▶ **Directions**
Among the entries below, the lines from the one with "Local-Variable Syntax for" up to and including the one with "Add a personalised" are to be restated exactly, without pictures.
═════ Supplied material ═════
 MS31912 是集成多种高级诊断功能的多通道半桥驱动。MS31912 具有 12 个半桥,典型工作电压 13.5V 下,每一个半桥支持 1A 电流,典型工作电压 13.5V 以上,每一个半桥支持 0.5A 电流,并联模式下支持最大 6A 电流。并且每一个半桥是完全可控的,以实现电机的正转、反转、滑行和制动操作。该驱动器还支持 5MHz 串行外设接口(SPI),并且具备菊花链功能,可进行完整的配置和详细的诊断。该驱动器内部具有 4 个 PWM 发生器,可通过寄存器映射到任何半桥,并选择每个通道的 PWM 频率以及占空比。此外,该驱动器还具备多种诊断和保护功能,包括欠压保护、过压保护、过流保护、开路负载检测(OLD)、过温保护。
═════
═════ Supplied material ═════
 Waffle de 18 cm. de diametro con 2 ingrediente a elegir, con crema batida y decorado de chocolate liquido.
═════
═════ Supplied material ═════
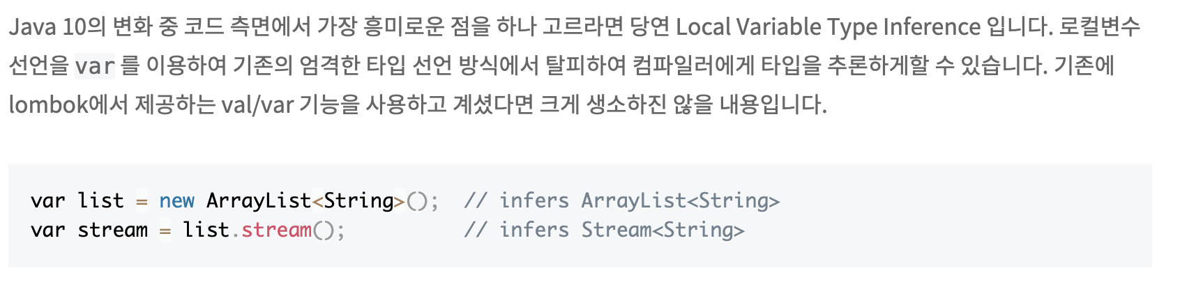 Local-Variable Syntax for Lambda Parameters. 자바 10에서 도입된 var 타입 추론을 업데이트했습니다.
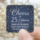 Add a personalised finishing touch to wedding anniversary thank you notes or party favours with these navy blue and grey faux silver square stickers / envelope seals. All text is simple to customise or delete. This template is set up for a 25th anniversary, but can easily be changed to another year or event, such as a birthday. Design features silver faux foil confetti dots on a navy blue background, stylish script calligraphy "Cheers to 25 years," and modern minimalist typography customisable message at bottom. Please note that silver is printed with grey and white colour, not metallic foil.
═════
▶ **Solution to the problem**
 Local-Variable Syntax for Lambda Parameters. 자바 10에서 도입된 var 타입 추론을 업데이트했습니다.
 Add a personalised finishing touch to wedding anniversary thank you notes or party favours with these navy blue and grey faux silver square stickers / envelope seals. All text is simple to customise or delete. This template is set up for a 25th anniversary, but can easily be changed to another year or event, such as a birthday. Design features silver faux foil confetti dots on a navy blue background, stylish script calligraphy "Cheers to 25 years," and modern minimalist typography customisable message at bottom. Please note that silver is printed with grey and white colour, not metallic foil.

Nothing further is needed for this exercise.